На дальних пряслах изводилась в пении какая-то птичка с оранжево-синим нагрудником. Она то вспархивала, мельтеша крыльями, то стремительно бежала по верхней жердочке, поставив хвост торчком. Легкая зависть к маленькой задорнице щекотнула меня: ни работы ей, ни заботы… Но я понимал, что на этой освобожденной мною и вскопанной взрослыми земле вырастут овощи, и в первую голову – картошка, без которой не пережить долгую зиму, и упирался до дрожи в коленях, ломоты в руках.
– Перекурил бы, а то запалишься, – услышал я дедов голос и оглянулся. В спине что-то болезненно шевельнулось, в глаза полыхнул солнечный свет. Синеющее небо очистило взгляд от земной серости.
– Куда-то люди бегут! – тоже разогнувшись, произнес Кольша.
За огородом, в сторону пустыря, бежало несколько ребятишек и женщин.
– Что-то случилось, – встревожилась и матушка.
– А ну, узнай! – приказал дед. – Ноги у тебя резвые. С Шурой вон наперегонки.
И мы побежали вдоль длинной изгороди.
На пустыре, там, где летом буйствовали лопухи, толпились люди.
– Корова Танюхина в яму завалилась, – услышал я чей-то голос. И мы с Шурой пролезли вперед.
В глубокой яме с водой лежала вверх брюхом корова с круто подвернутой головой, растопыренными ногами, как бы устремленными к небу.
Неприятным холодком обнесло спину.
– Шею сломала и каюк, – предположил кто-то.
– Теперь горя хватят. В иное бы время другую купили, а теперь попробуй…
– Пораньше бы нашли – хоть мясо взяли, а сейчас – падаль.
– И как её угораздило?
– Может, на травку зеленую по краю погреба позарилась, да и земля под ней обвалилась…
Смерть, даже коровья, тронула остро, с горечью и страхом. «А как же там людей убивают?» – От хлесткой пронзительной мысли свело дыхание, потяжелели ноги. Воображение метнулось представить человека на месте коровы, но сорвалось, оттиснутое все тем же страхом, уплыло, растворилось в не цельных образах. Дальше смотреть и слушать не захотелось, и я, не найдя Шуру среди толпившихся людей, тихо двинулся назад.
Трепетное слово – косачиный ток долгое время билось у меня на слуху, распаляя воображение, и вот сбылось.
– Ночью на ток пойдем, – шепнул за ужином Кольша. – Так что ложимся пораньше, чтобы не проспать…
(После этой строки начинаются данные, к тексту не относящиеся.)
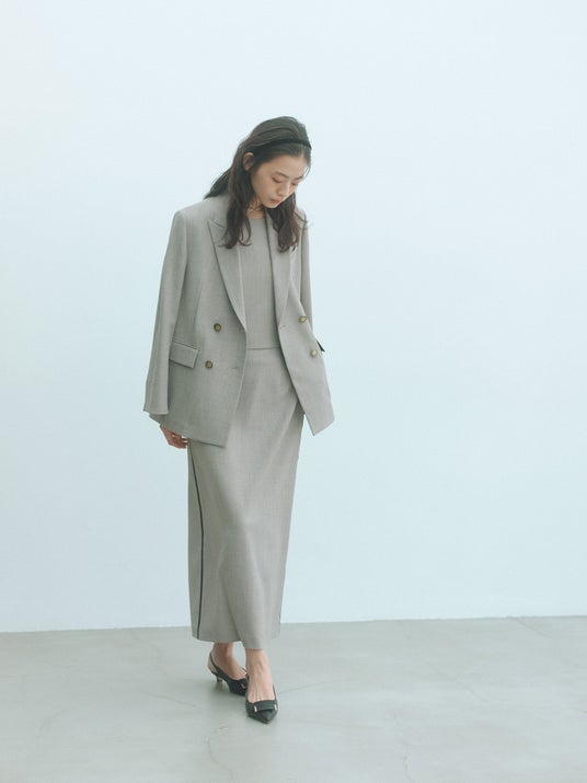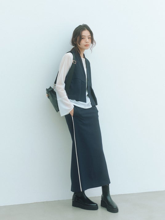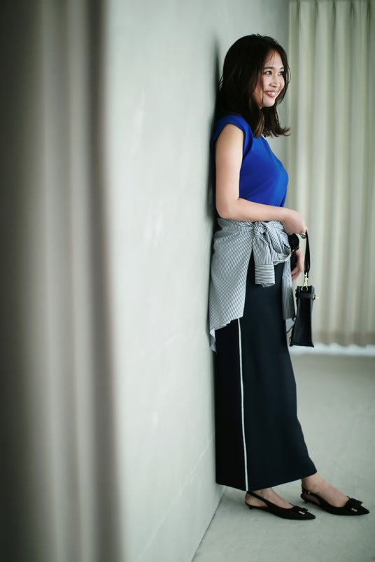 ラインアクセントスカートに鮮やかなブルーのニットを合わせて、知的で洗練された印象に。

Какой там проспать? Под тонким одеялом меня долго потрясывал внутренний озноб, загадочные виденья наплывали одно за другим, мешая явь со сном: стены уснувшей избы расплылись, открывая дали и уводя мое затуманенное сознание в лесные просторы… Я и успокоиться не успел, поплыть по этим просторам, как почувствовал толчок в плечо:
– Поднимайся, пора!..
В окна тихой, пахнущей домашним очагом избы гляделась серая ночь, однотонная, без каких-либо внешних звуков. Но едва мы вкрадчивыми шажками выбрались на крыльцо, как отовсюду поплыли ясные и неясные голоса очарованных весной птиц. Ближе всех исходилась в песне обитательница нашего палисадника. Дальше – за околицей, на разливах, то и дело вскидывались в тревожных криках кулички, потаенно подавали призывы утки и гуси, и только непроглядный лес таинственно молчал.
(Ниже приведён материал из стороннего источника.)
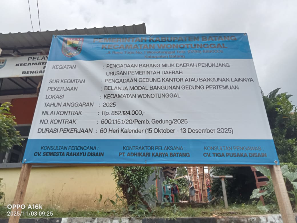 Pengerjaan proyek pembangunan gedung Kecamatan Wonotunggal, Kabupaten Batang, diduga abaikan Keselamatan dan Kesehatan Kerja (K3). Pekerjaan yang menelan anggaran dengan total kurang lebih sebesar 900 juta yang bersumber dari anggaran APBD.

Деревня спала, плавая в рассеянном свете рыхлой ночи, однообразно темная, непривычно раскинутая западшими среди близких рощиц проулками. Одно небо искрилось звездной россыпью, из мутного пространства которого нет-нет да и доносились нетерпеливые переклики перелетных птиц, шушукающие шумы их крыльев. То шли с юга тучевые стаи северных уток.
– Чернушки потянули, – вскидывая голову, с тихой радостью в голосе извещал меня Кольша. – Даже землю обдало воздухом – как скворцов!..
С особой чуткостью улавливал я все эти звуки и запечатлял в памяти расплывчатые контуры ночной околицы…
Лес встретил нас тишиной, прохладой, сыростью, терпкими запахами прели, оживших деревьев, кустарников, трав… Повсюду маслянисто темнела вода в колках, белесо бледнели лужи в низинах, с которых то и дело поднимались утки. Недовольно и лениво покрякивая, они растворялись в этой сонной мути.